The overwhelming concern by most of us against uniforms is that our MS education budget has shrunk by about $170 million this year (this includes the $37 million our representatives voted to restore to the budget today) Uniforms for those who can''t afford them are going to be a major cost to a district that has real problems. We want to see this money put towards those problems -drop out rates, failing test scores, safety concerns, etc. Without a fiscal analysis of what a uniform policy will cost and a firm commitment from non-profits/donors to cover the cost, we are concerned about what this will mean to the SSD budget and where the money for uniforms will come from. Without clear benefits to changing the status quo, how can we justify the cost?
In response to a couple of comments about not being involved, if this issue is what it took to wake people up and get them to realize we have big problems then that is great. I had no idea of the extent of our problems until this subject came up. As I said in my last letter I was asleep at the wheel. I have lots of reasons why-work, kids, illness, caring for sick relatives out-of-state, etc. but the fact is I wasn''t paying attention beyond being room mom or going on fieldtrips. The school board is there to keep an eye out and I appreciate their service to the district. I think they want the best for our children and our schools. However, we all have different ideas about how to achieve that. We have to work together on this and this entails a two-way dialogue. My hope is that it is respectful.
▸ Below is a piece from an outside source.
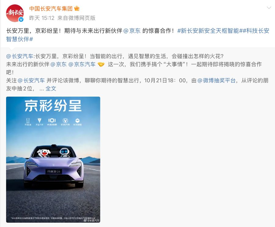 此次京东官宣新车时,中国长安汽车集团更是第一时间送上祝贺。
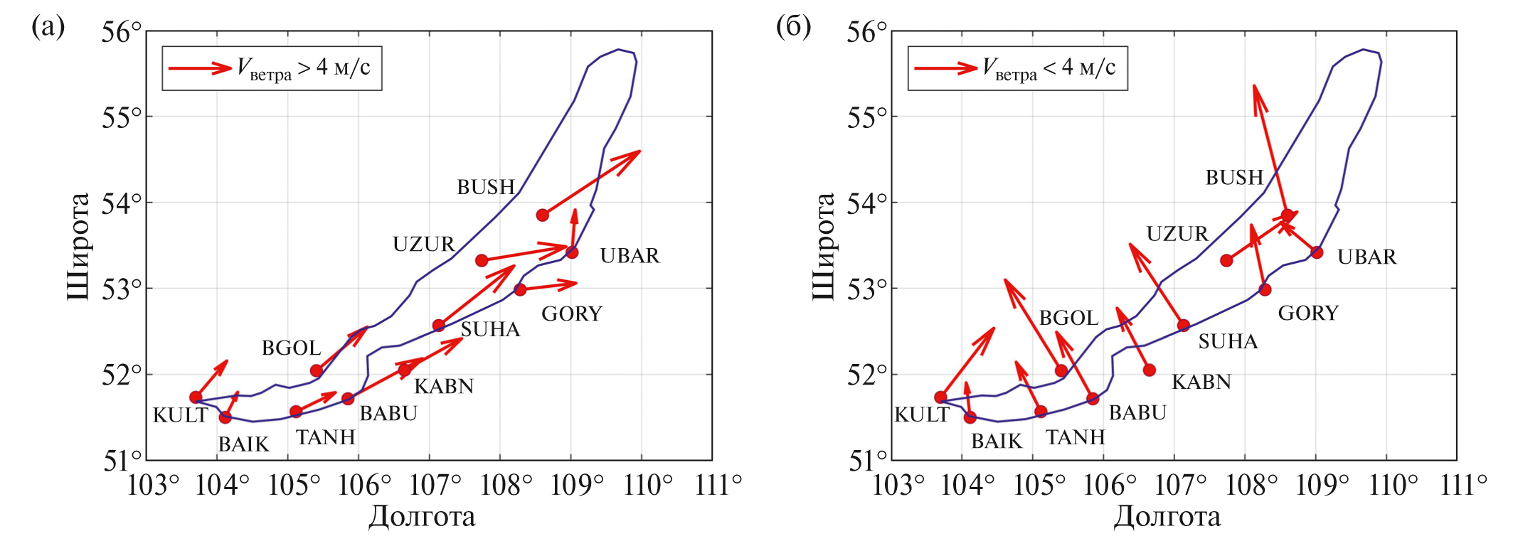 Рис. 12. Среднее направление ветра на метеостанциях вблизи оз. Байкал за октябрь 2020 г. при скорости ветра больше 4 м/с (а) и меньше 4 м/с (б).

Unfortunately passions run high sometimes and well-intentioned but sometimes misguided or inappropriate remarks and assumptions are made.
It seems that this is as good a time as any to model for our kids how to disagree respectfully.
I hope this whole ordeal strengthens our resolve to do better for our children as parents, educators, school board members and as a community. By this I mean better and more communication between the board and the community, respectful discourse and a full-on commitment to work together to help our schools and our children reach their potential.